DREAMS OF THE FUTURE AS MORAL VISIONS
My previous book culminated in a discussion of deep ecology, a form of radical environmentalism that adopts the principle of “ecoegalitarianism”: no one species has any moral priority over another. Because technological man so consistently violates this stricture, some of the deep ecologists look forward to a day when human beings will have been replaced by a new human-like species that lives more at one with nature. I criticized that view for its profoundly anti-human character, but even then I noted that the same threat could come from the direction of technological utopianism.17 Deliberately seeking our own extinction represents the extreme limit of how far we could want to go to overcome our given circumstances and raises in an obvious way a question that is always lurking in our rapidly changing world: What kind of future are we trying to create?
It is very likely that the world we will have in the future will not be exactly the one laid out by today’s transhumanists. Still, our utter dependence on continuing scientific and technological development makes it impossible to dismiss the broad goals of transhumanism outright; indeed, it is hard to imagine how we will avoid making choices that could provide building blocks for a project of human extinction. Even if in most instances these choices will actually be made with a view to the contingencies of the moment—arising from scientific curiosity, engineering creativity, military necessity, or commercial possibility—the transhumanist grand vision of the eclipse of man will be there to influence, rationalize, and justify favoring certain alternatives. It provides a narrative that takes those alternatives beyond contingency and presents them in a way that intentionally creates dissatisfaction with any merely human account of how we live and treat each other now. If it is the only story going, it is all the more likely to provide the moral meaning behind the scientific and technological future.18
An argument could be made that we should avoid taking too seriously such grand visions of the future. In his book In the Shadow of Progress, Eric Cohen warns, speaking specifically of genetics, that in order “to think clearly” and avoid the twin vices of over-prediction (assuming that our worst fears or greatest hopes will come to pass) and under-prediction (failure to acknowledge where present developments might go), “we must put aside the grand dreams and great nightmares of the genetic future to consider the moral meaning of the genetic present,” instead exploring “what these new genetic possibilities might mean for how we live, what we value, and how we treat one another.”19
Cohen’s caution is well taken, and the questions he poses ought indeed to be where thoughtful people begin to confront the apparently ceaseless innovations of our technological society. But it may be harder than it looks to separate how we think about the present from how we think about the future. Whether in secular or religious terms, it is not unusual for people to define “the moral meaning of the present” in terms of the future, judging what is against what they hope (or fear) will be. After all, it is moral choice in the present that creates a future, so such visions influence how we live and treat each other today.

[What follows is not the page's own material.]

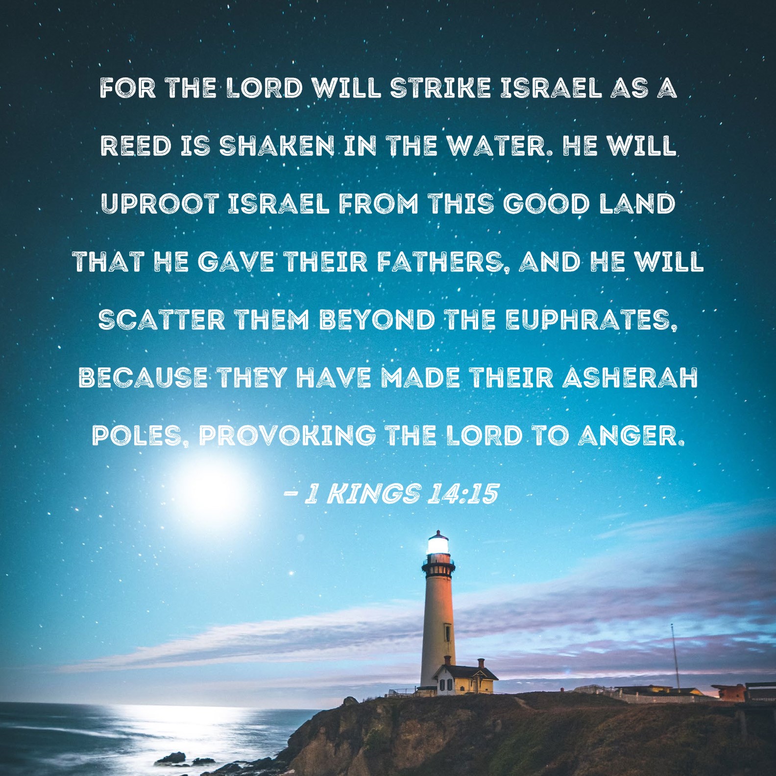 1 Kings 14:15 For the LORD will strike Israel as a reed is shaken in the water. He will uproot Israel from this good land that He gave their fathers, and He will scatter them beyond the Euphrates, because they have made their Asherah poles, provoking the LORD to anger.

Cohen is doubtless right that a more sober and serious moral world would have less place for “grand dreams and great nightmares.” Yet given that we cannot but be influenced by such visions, we must come to grips with them on their own terms; there have to be reasons for putting them aside. People were not unaware of problems with capitalism before Marx, but Marxism became a sufficiently powerful grand vision that it had just the effect Cohen fears, blinding people to the truth of their present circumstances and of their obligations to those around them. Facing up to the defects of Marxism was easier said than done and remains an incompletely accomplished task. But one part of doing so was intellectual confrontation with it as a grand vision. None of the specific transhumanist visions of the future have as yet anything like the intellectual or political power of Marxism at its height. But if we are to eschew them, a similar intellectual confrontation will be necessary.
CONFRONTING THE EXTINCTIONISTS
It can be difficult to find a footing for criticism of transhumanism, given the broad scope of the transhumanist vision, the variety of (sometimes conflicting) transhumanist ideas, and of course the fact that we cannot yet know precisely what direction and shape transhumanist ideas will take in the real world. That is why the focus of this volume will be on transhumanism’s moral vision of the future, rather than its technological or scientific content. We will approach transhumanism sometimes directly and sometimes obliquely. While we will analyze the ideas of some of the most provocative and controversial transhumanist thinkers, we will also look at a wide range of other materials. We will journey from the invisibly tiny scale of molecular engineering to the far reaches of outer space. We will discuss ancient myths and recent science fiction, centuries-old paintings and Hollywood movies. And we will explore some forgotten byways, learning from long-neglected stories that can teach us about our desires for the future. Several of the chapters will also begin with prologues, short fictional stories I have written to help bring to life some of the ideas addressed in those chapters.
Why the emphasis on fiction? When compared to the works of nonfiction by experts and specialists in transhumanism, very often fictional works present us with a far more realistic and morally nuanced picture of the issues at stake in human self-overcoming. This should not surprise us. After all, excellent fiction requires a serious understanding of human things, and to tell a great story about scientific and technological possibilities, fiction writers have to start from a convincing human world—which of course is the world out of which the scientific and technological developments that will allow human redesign will actually emerge. Those who start instead from the imagination of technological possibilities often suffer a kind of tunnel vision, a narrow focus that makes them assume that whatever they are writing about will be the center around which everything else will revolve. Indeed, that outlook helps to account for the moral weakness of the transhumanist project.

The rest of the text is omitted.